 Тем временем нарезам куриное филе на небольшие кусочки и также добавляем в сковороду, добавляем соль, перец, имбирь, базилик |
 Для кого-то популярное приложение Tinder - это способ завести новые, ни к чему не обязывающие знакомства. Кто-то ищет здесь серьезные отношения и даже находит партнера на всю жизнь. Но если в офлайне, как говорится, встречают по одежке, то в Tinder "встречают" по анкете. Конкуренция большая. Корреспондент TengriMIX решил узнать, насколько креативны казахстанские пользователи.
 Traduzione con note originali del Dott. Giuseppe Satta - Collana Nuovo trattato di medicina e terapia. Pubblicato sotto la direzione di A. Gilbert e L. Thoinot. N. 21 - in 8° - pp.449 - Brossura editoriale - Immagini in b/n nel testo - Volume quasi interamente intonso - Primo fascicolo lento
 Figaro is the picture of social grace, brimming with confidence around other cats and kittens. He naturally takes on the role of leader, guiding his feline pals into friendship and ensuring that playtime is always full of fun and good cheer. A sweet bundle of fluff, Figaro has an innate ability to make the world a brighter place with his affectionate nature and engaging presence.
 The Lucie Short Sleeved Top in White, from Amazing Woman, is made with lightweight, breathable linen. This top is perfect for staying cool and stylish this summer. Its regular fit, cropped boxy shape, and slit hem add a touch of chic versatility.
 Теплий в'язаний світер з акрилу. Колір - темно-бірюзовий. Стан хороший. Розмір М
********
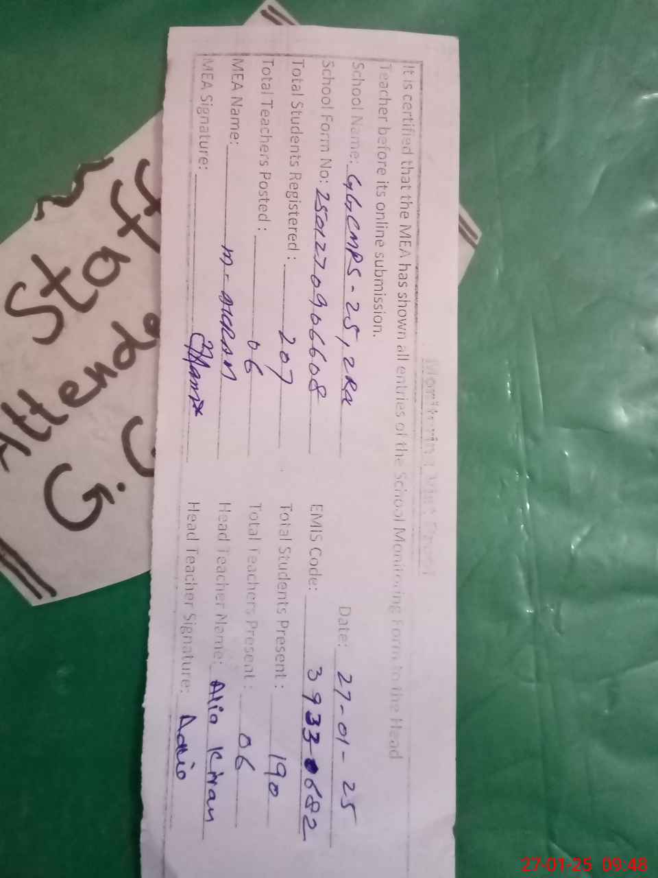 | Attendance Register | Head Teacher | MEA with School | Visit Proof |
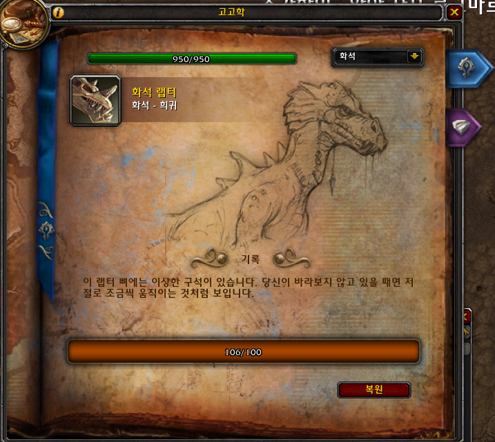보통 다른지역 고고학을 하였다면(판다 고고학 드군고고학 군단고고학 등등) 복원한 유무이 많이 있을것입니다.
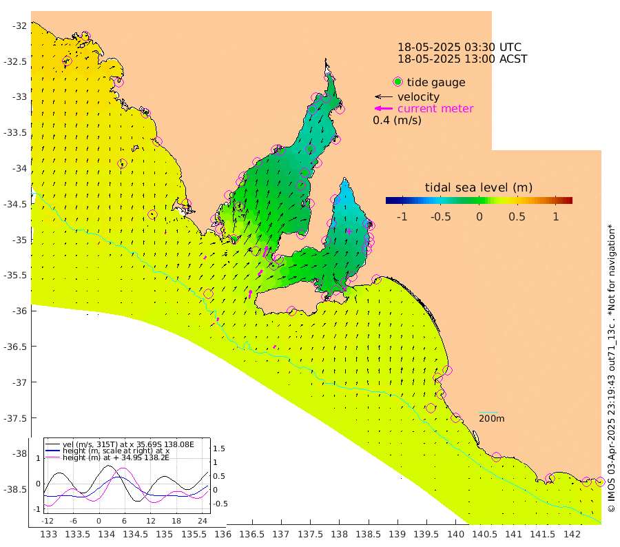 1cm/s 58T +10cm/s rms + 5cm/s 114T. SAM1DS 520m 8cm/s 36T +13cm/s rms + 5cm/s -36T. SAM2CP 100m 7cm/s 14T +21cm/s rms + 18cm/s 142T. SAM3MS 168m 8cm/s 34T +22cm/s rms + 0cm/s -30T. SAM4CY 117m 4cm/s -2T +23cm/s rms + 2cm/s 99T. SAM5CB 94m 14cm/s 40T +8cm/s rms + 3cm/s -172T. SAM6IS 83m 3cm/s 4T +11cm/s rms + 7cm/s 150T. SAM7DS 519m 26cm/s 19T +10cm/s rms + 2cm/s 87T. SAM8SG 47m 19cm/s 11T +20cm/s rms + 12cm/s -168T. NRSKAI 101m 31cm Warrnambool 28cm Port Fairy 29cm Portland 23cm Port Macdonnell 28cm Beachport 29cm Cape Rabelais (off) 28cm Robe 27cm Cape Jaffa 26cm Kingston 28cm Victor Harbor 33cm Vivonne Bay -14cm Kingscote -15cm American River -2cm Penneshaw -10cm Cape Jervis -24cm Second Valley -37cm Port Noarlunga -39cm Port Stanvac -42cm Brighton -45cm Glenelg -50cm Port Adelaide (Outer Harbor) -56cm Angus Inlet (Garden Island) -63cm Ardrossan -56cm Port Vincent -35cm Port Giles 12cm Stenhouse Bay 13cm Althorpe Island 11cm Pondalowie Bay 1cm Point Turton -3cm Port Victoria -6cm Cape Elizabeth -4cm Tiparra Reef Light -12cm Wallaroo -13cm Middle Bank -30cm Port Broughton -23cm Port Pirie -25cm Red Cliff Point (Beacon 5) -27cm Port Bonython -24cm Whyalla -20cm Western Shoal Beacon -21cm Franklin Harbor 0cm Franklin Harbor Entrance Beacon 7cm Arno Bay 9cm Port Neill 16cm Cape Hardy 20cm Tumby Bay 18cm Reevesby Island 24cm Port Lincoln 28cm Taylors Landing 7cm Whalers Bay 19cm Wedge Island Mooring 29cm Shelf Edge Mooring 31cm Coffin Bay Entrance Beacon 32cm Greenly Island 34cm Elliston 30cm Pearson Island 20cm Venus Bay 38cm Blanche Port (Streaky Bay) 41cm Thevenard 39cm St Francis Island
********
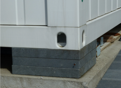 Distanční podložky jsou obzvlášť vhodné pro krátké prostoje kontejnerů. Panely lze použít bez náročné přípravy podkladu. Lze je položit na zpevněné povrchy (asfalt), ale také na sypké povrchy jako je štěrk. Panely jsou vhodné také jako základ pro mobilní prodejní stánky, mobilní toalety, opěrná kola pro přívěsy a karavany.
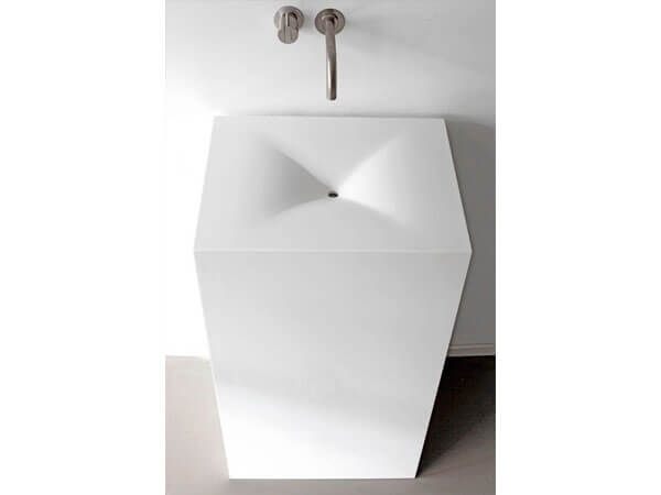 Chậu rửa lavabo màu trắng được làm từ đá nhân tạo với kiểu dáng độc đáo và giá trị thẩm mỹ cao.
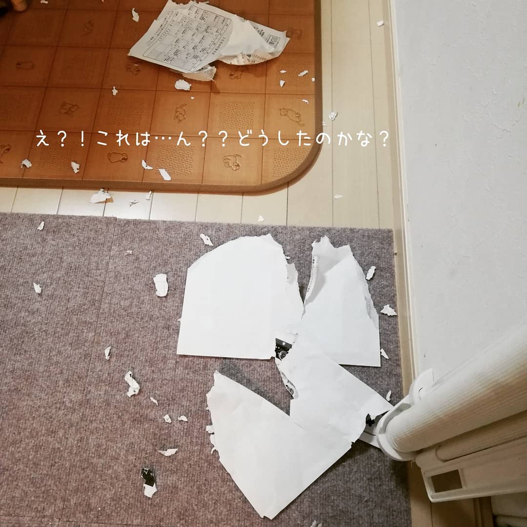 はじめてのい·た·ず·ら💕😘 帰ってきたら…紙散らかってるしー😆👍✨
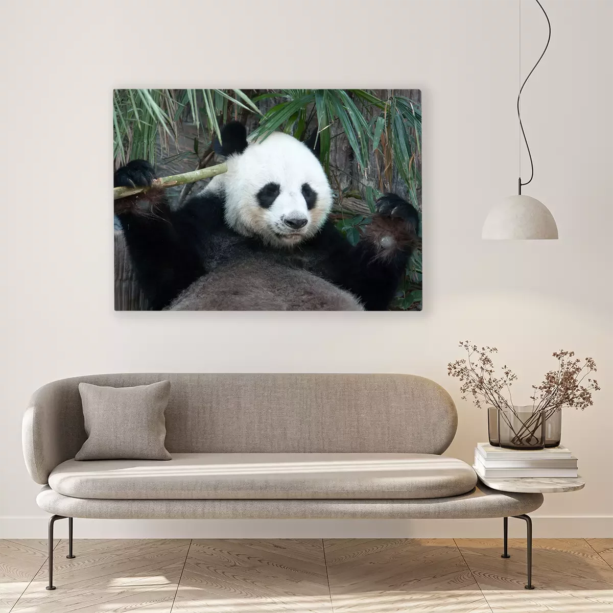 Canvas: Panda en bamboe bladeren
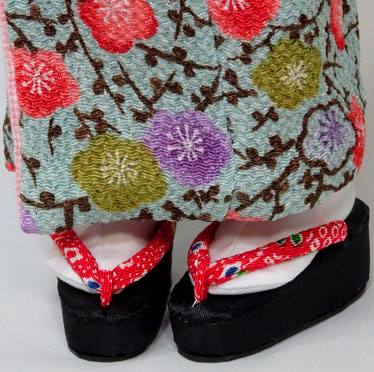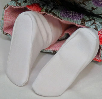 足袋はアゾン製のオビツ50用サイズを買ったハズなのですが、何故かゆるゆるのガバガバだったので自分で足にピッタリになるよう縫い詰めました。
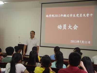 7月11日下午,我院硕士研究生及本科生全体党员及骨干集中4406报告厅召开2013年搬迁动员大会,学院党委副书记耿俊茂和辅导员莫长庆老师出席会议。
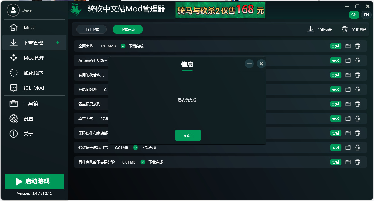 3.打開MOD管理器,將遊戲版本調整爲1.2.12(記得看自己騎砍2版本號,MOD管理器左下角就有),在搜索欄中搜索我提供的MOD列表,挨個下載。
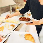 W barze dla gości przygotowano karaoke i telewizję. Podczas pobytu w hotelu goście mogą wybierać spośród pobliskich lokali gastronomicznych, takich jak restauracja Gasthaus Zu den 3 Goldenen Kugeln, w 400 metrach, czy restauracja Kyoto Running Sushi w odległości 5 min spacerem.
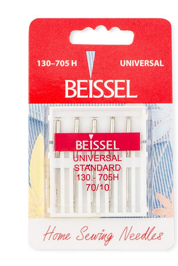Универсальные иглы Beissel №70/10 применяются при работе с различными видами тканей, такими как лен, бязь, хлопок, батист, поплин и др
********
### Task details
Working from the data above, extract solely the lines from the one containing "Тем временем нарезам" through the one containing "Traduzione con note", exactly as they appear, both included.

### Exercise output
 Тем временем нарезам куриное филе на небольшие кусочки и также добавляем в сковороду, добавляем соль, перец, имбирь, базилик |
 Для кого-то популярное приложение Tinder - это способ завести новые, ни к чему не обязывающие знакомства. Кто-то ищет здесь серьезные отношения и даже находит партнера на всю жизнь. Но если в офлайне, как говорится, встречают по одежке, то в Tinder "встречают" по анкете. Конкуренция большая. Корреспондент TengriMIX решил узнать, насколько креативны казахстанские пользователи.
 Traduzione con note originali del Dott. Giuseppe Satta - Collana Nuovo trattato di medicina e terapia. Pubblicato sotto la direzione di A. Gilbert e L. Thoinot. N. 21 - in 8° - pp.449 - Brossura editoriale - Immagini in b/n nel testo - Volume quasi interamente intonso - Primo fascicolo lento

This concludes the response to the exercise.